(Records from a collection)
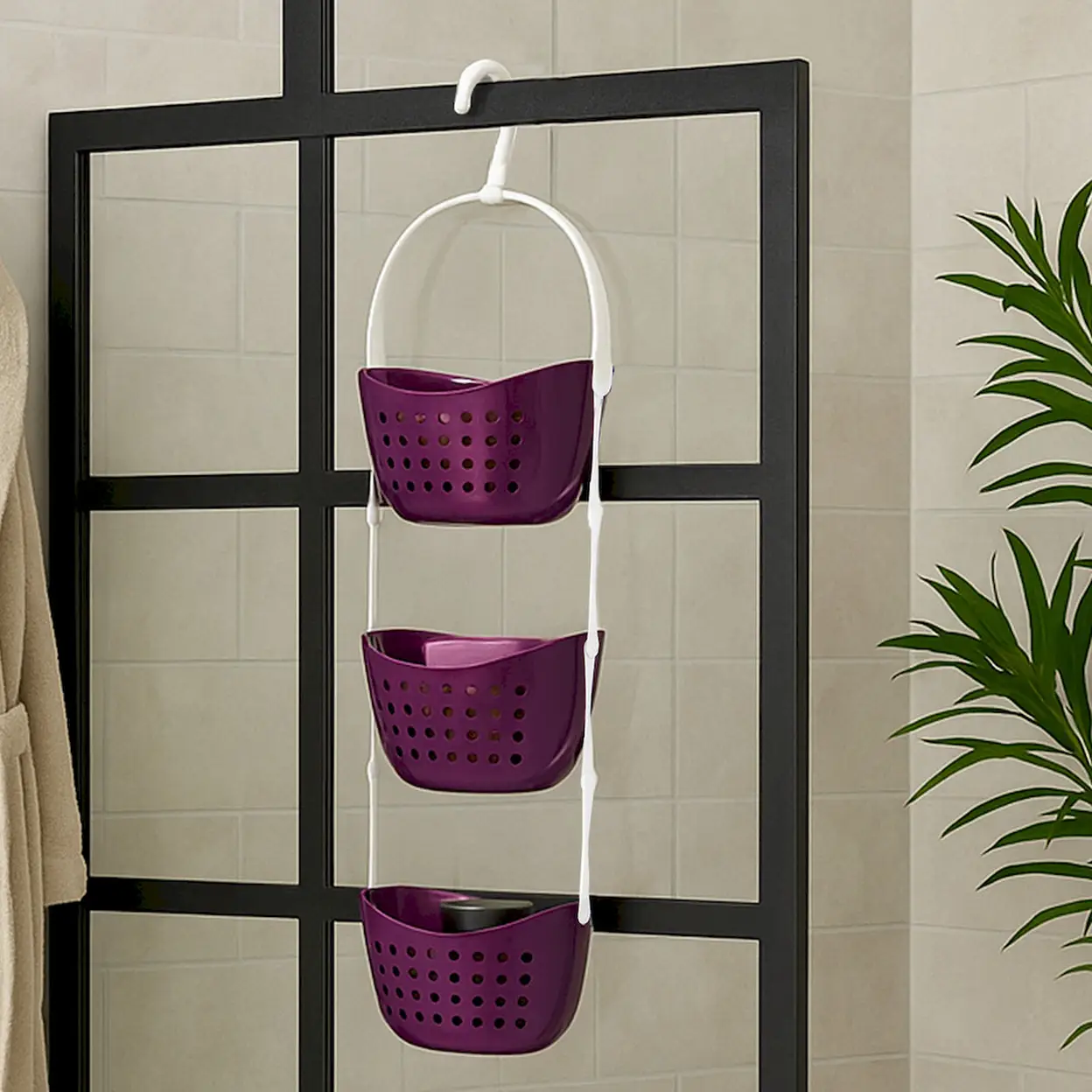 Crafted from high quality PP, this stylish purple shower caddy is designed to keep your bathroom organized and clutter-free. Featuring three spacious baskets, it offers ample storage for all your bathing essentials, ensuring everything you need is always within reach. The caddy hangs effortlessly from your shower, making it a convenient solution for keeping toiletries close to hand. Perfect for everyday use, this practical accessory adds a pop of colour and functionality to any bathroom.
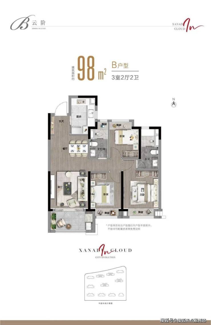 约98㎡和约100㎡进阶型3房,约81%以上的超高得房率,相同面积之下,更超值的尺度感受,同样每间房间都带飘窗,只是通过餐厨分布的细微区别,满足不同家庭的起居文化:
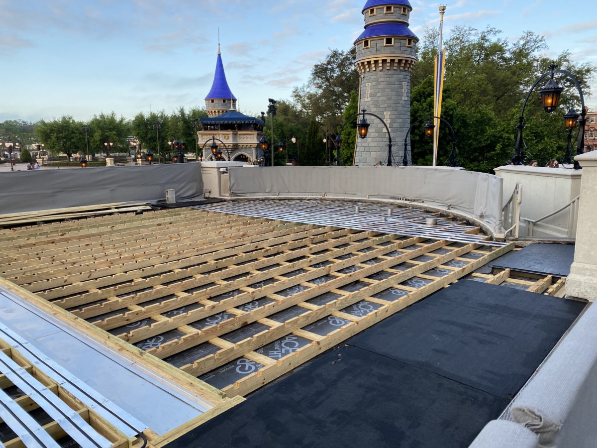 The metal tubing installation continues on Cinderella Castle Stage, with the left side completed to the center point. It now appears that they’re starting from the outside of the right side and working their way towards the center.
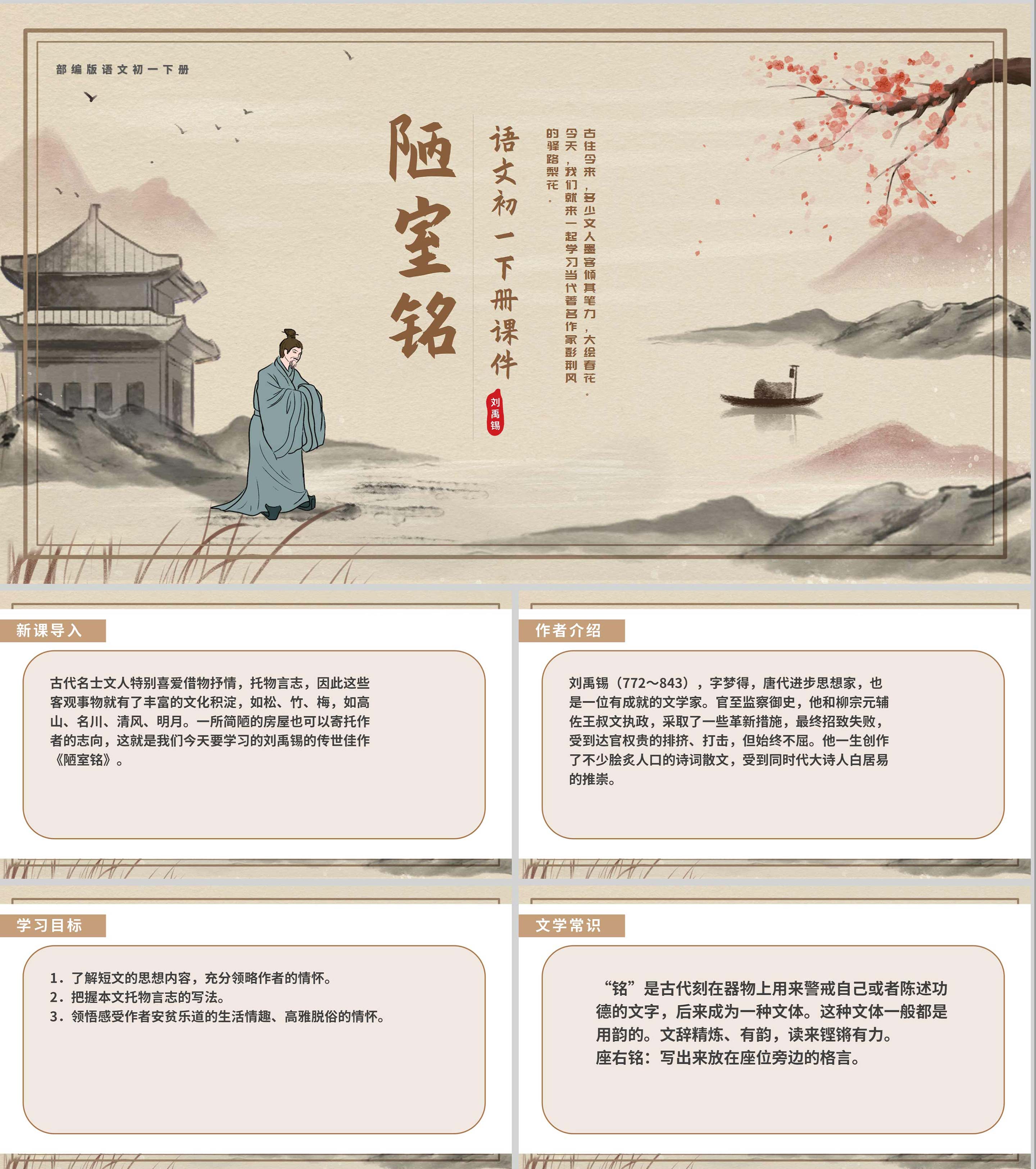 黄色中国风传统古风文言文陋室铭教学课件PPT模板
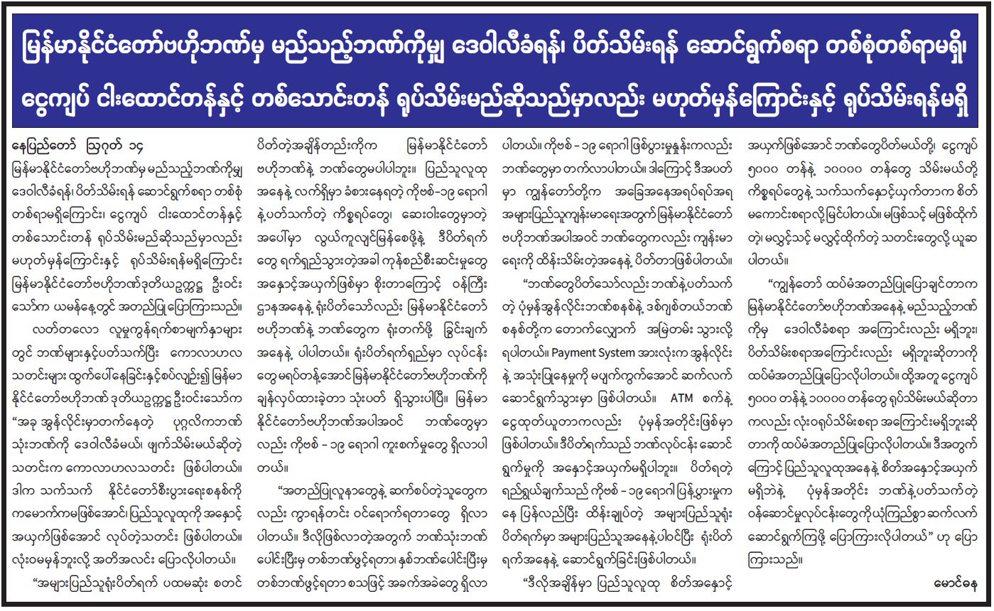 မြန်မာနိုင်ငံတော်ဗဟိုဘဏ်မှ မည်သည့်ဘဏ်ကိုမျှ ဒေဝါလီခံရန်၊ ပိတ်သိမ်းရန် ဆောင်ရွက်စရာ တစ်စုံတစ်ရာမရှိ၊ ငွေကျပ် ငါးထောင်တန်နှင့် တစ်သောင်းတန် ရုပ်သိမ်းမည်ဆိုသည်မှာလည်း မဟုတ်မှန်ကြောင်းနှင့် ရုပ်သိမ်းရန်မရှိ
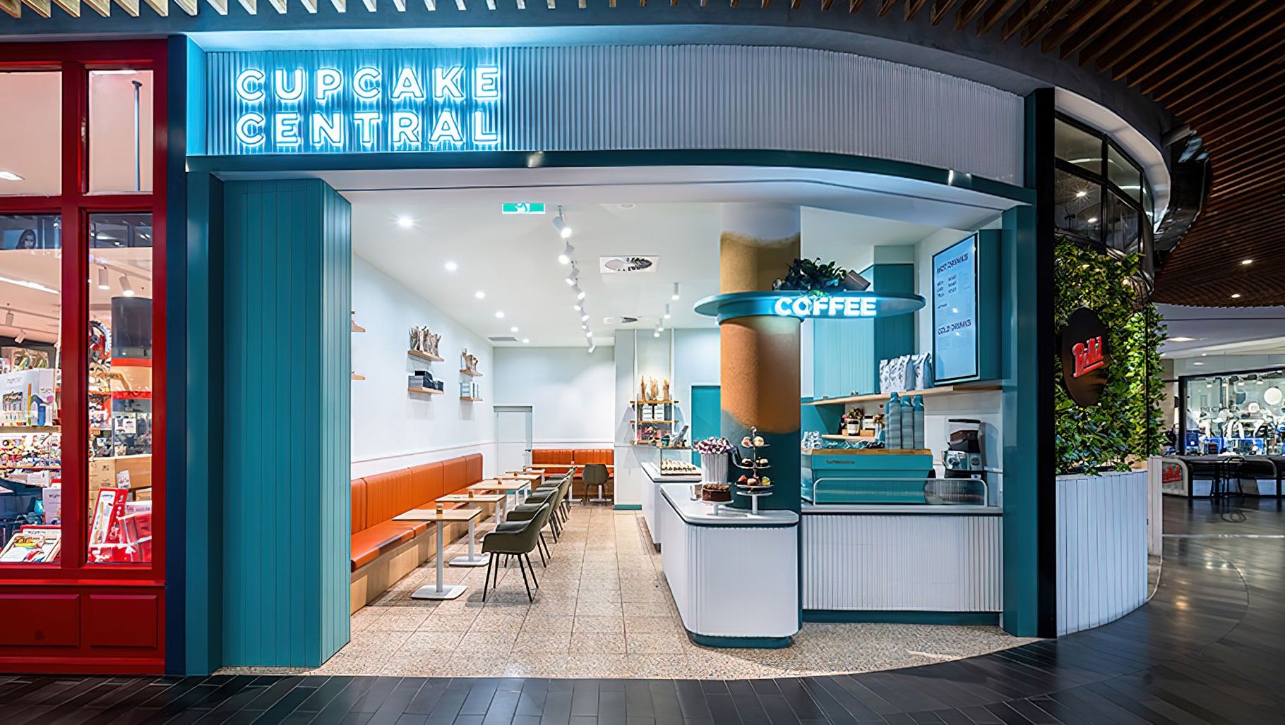 ArchiPro Project Summary - A whimsical bakery cafe in High Point, Melbourne, featuring marshmallow interiors, a pale green color scheme, tan velvet banquette seating, and vibrant terrazzo tiles, creating a warm and inviting atmosphere for indulging in delightful cupcakes and sweet treats.

Prompt: Reproduce exactly the lines of the data above that run from the line with "约98㎡和约100㎡进阶型3" down to the line with "黄色中国风传统古风文言文陋室铭教学课件PPT模板", both ends included. Pictures do not belong in the copy.

Problem solution:
 约98㎡和约100㎡进阶型3房,约81%以上的超高得房率,相同面积之下,更超值的尺度感受,同样每间房间都带飘窗,只是通过餐厨分布的细微区别,满足不同家庭的起居文化:
 The metal tubing installation continues on Cinderella Castle Stage, with the left side completed to the center point. It now appears that they’re starting from the outside of the right side and working their way towards the center.
 黄色中国风传统古风文言文陋室铭教学课件PPT模板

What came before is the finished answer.